<<<<
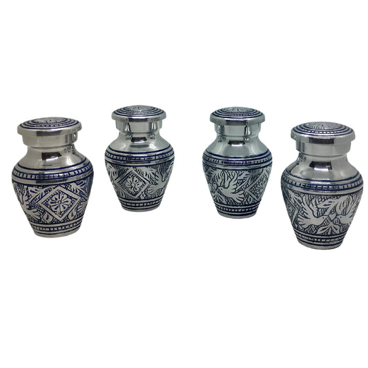 Solid Brass/Aluminum Hand-Etched Doves Keepsakes Set of 4 - Keepsakes for Ashes
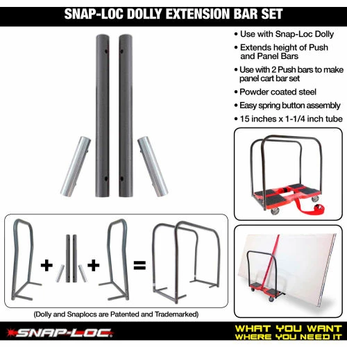 Snap-Loc SLABEI Dolly Extension Bar Set – Use With Push Bars To Make Panel Cart Or Extends Height Of Bars
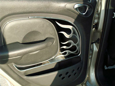 Finally what everyone has been asking for! Our flamed etched door panel kit designed to fit on all 4 doors of your PT Cruiser. These stainless door panels install with a 3M attachment tape included. This kit comes complete with our 8-pc Door Trim Kit making it an exceptional value. The kit will fit all 4 door Cruisers.
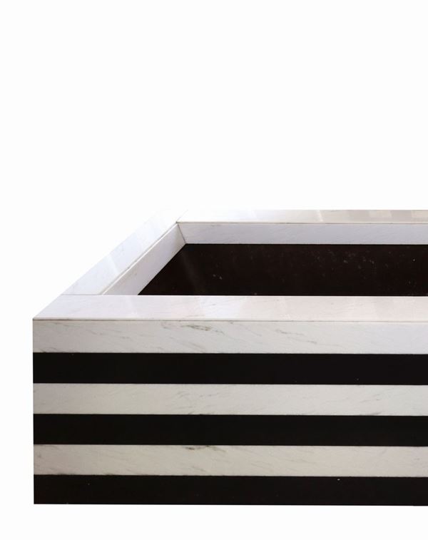 Struttura a fasce in marmo a strisce bianco lasa cavelano e nero assoluto, interno zincato, base con rotelle.
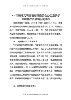 XX市精神文明建设指导委员会办公室关于巡察整改进展情况的通报.docx
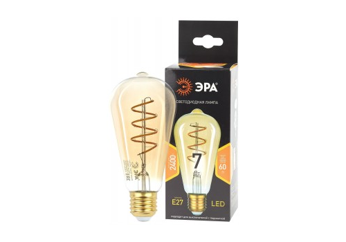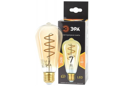 Лампа светодиодная филаментная ЭРА F-LED ST64 E27 7W(580Lm) 2400K 2K (спираль) золото 145х60
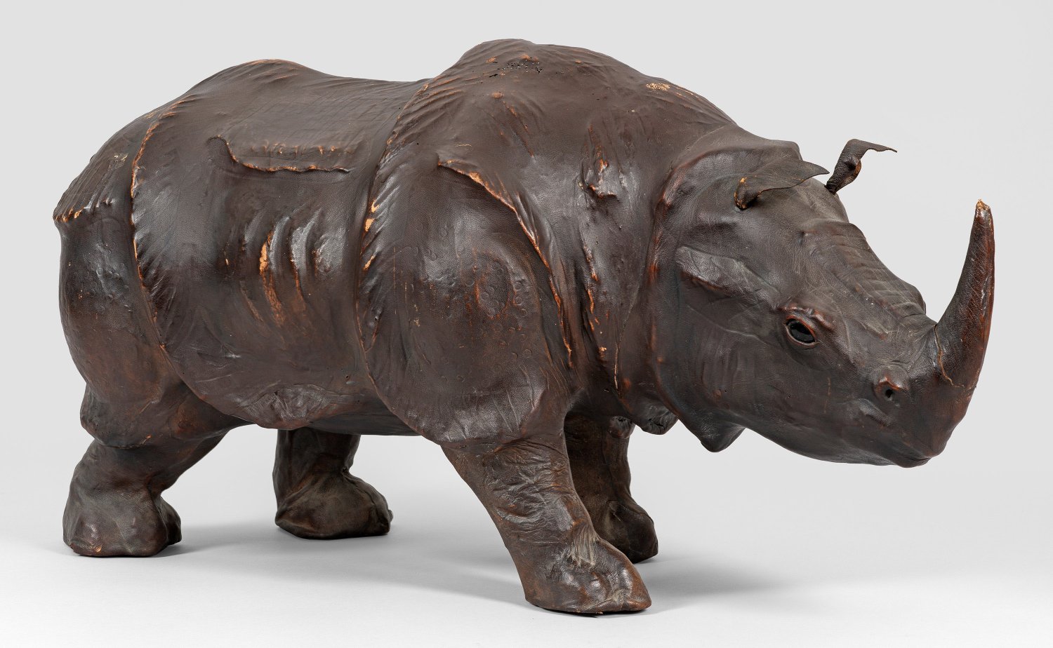 Dunkelbraunes Leder. Vollplastische, naturalistische Ausführung eines Nashorns mit Augen aus Glas. Der Stil erinnert stark an die Ledertiere von Dimitri Omersa für Liberty's London (1930er Jahre). Unbez.; Gebrauchsspuren. Teilw. rest.; H. ca. 45 cm. L. ca. 90 cm.
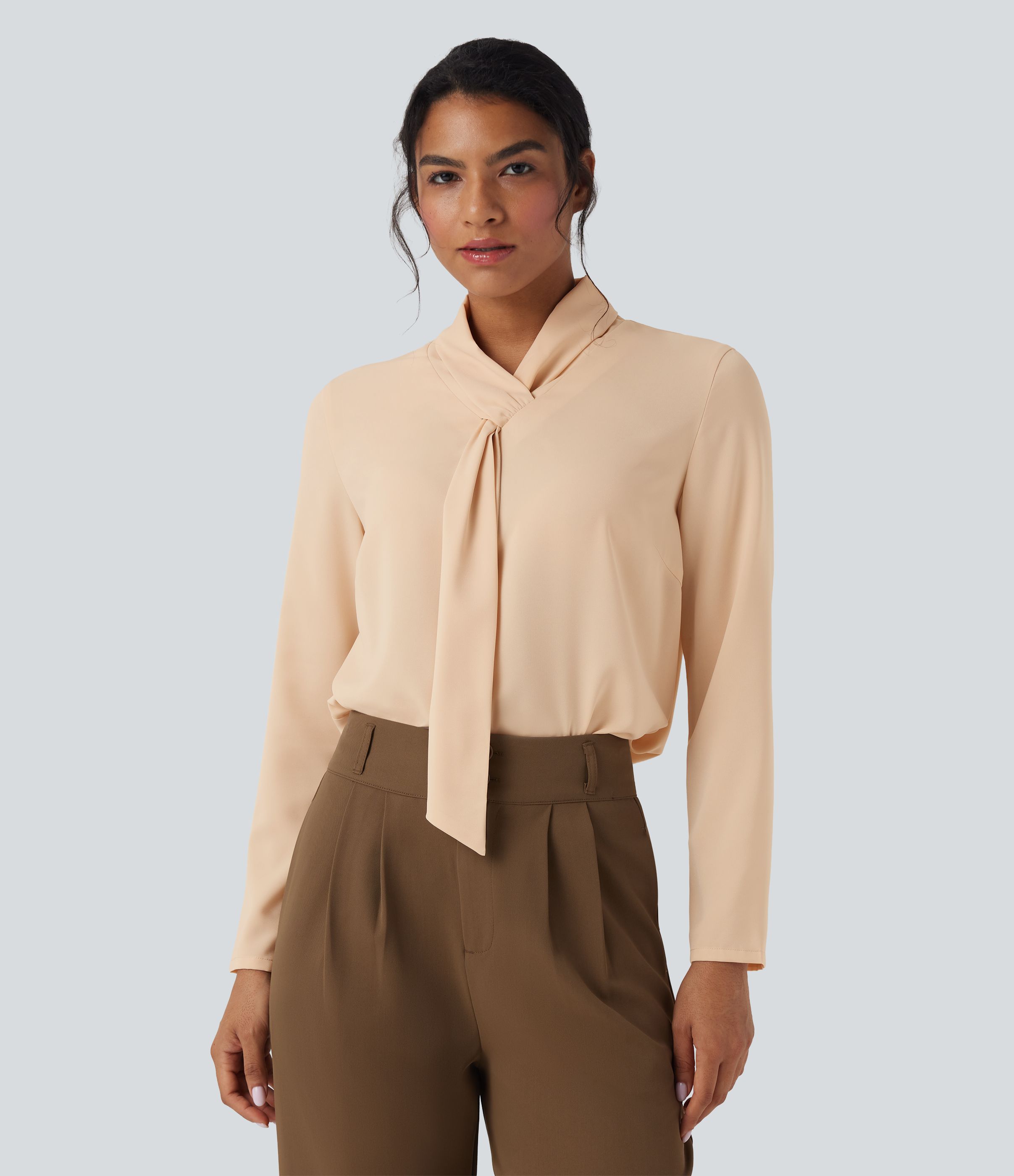 Wrinkle-resistant Scarf Neck Long Sleeve Work Shirt
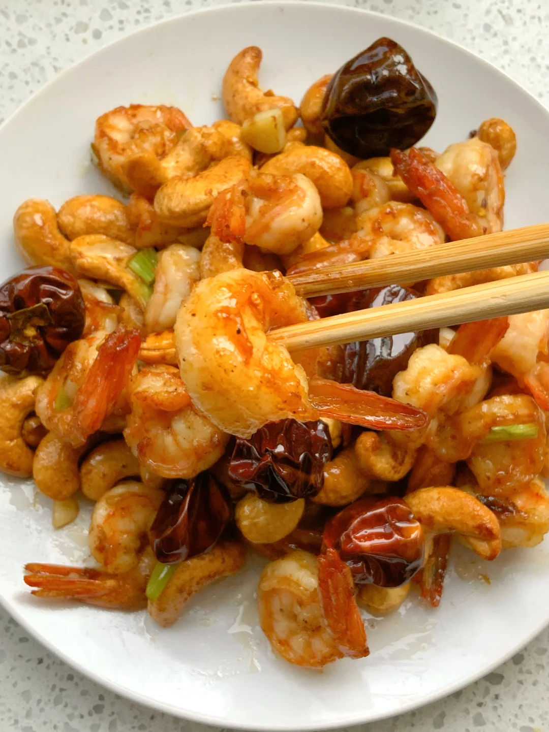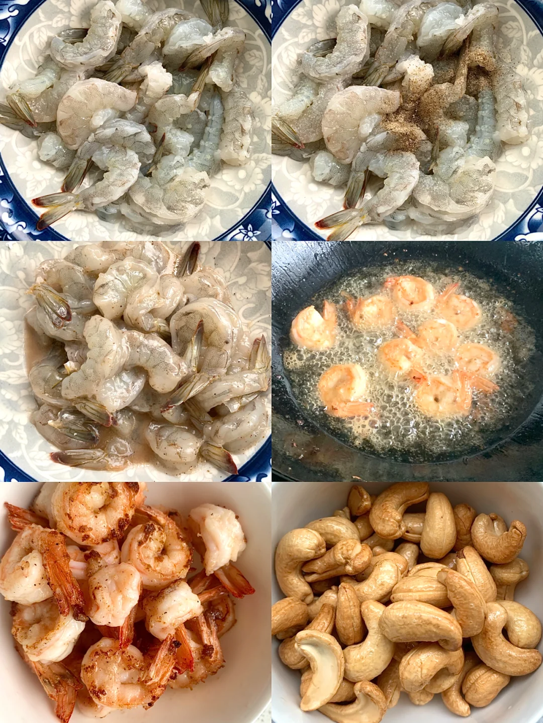 宫保鸡丁吃腻了吧❣️快来试试宫保虾球吧🦐大排档味道🥺满满的锅气❣️ 食材篇🥬: 鲜虾、腰果、灯笼椒 步骤篇🥣: 1、鲜虾去头去壳去虾线,开背后放入碗中,放少许盐、胡椒粉、一勺料酒腌制十分钟 2、腌制好的虾放入淀粉,或者直接裹淀粉下锅炸至卷翘捞出备用,准备熟腰果备用 3、调料汁㊙️:两勺生抽、一勺白糖、少许盐、少许鸡精、一勺水搅拌均匀 4、锅中放油,爆香葱姜蒜后放入虾尾、腰果灯笼椒翻炒,最后淋入料汁翻拌均匀✅ - 一人能干掉一盘🥺虾尾脆爽弹牙❣️腰果酥脆可口❣️
>>>>
◆ WHAT YOU HAVE TO DO: Range to print from the listing above: from the line with "XX市精神文明建设指导委员会办公室关于巡察整改进展情况的通报.docx" up to and including the line with "Dunkelbraunes Leder. Vollplastische, naturalistische". Please print those lines exactly, with no pictures and nothing more.

◆ TASK RESULT:
 XX市精神文明建设指导委员会办公室关于巡察整改进展情况的通报.docx
 Лампа светодиодная филаментная ЭРА F-LED ST64 E27 7W(580Lm) 2400K 2K (спираль) золото 145х60
 Dunkelbraunes Leder. Vollplastische, naturalistische Ausführung eines Nashorns mit Augen aus Glas. Der Stil erinnert stark an die Ledertiere von Dimitri Omersa für Liberty's London (1930er Jahre). Unbez.; Gebrauchsspuren. Teilw. rest.; H. ca. 45 cm. L. ca. 90 cm.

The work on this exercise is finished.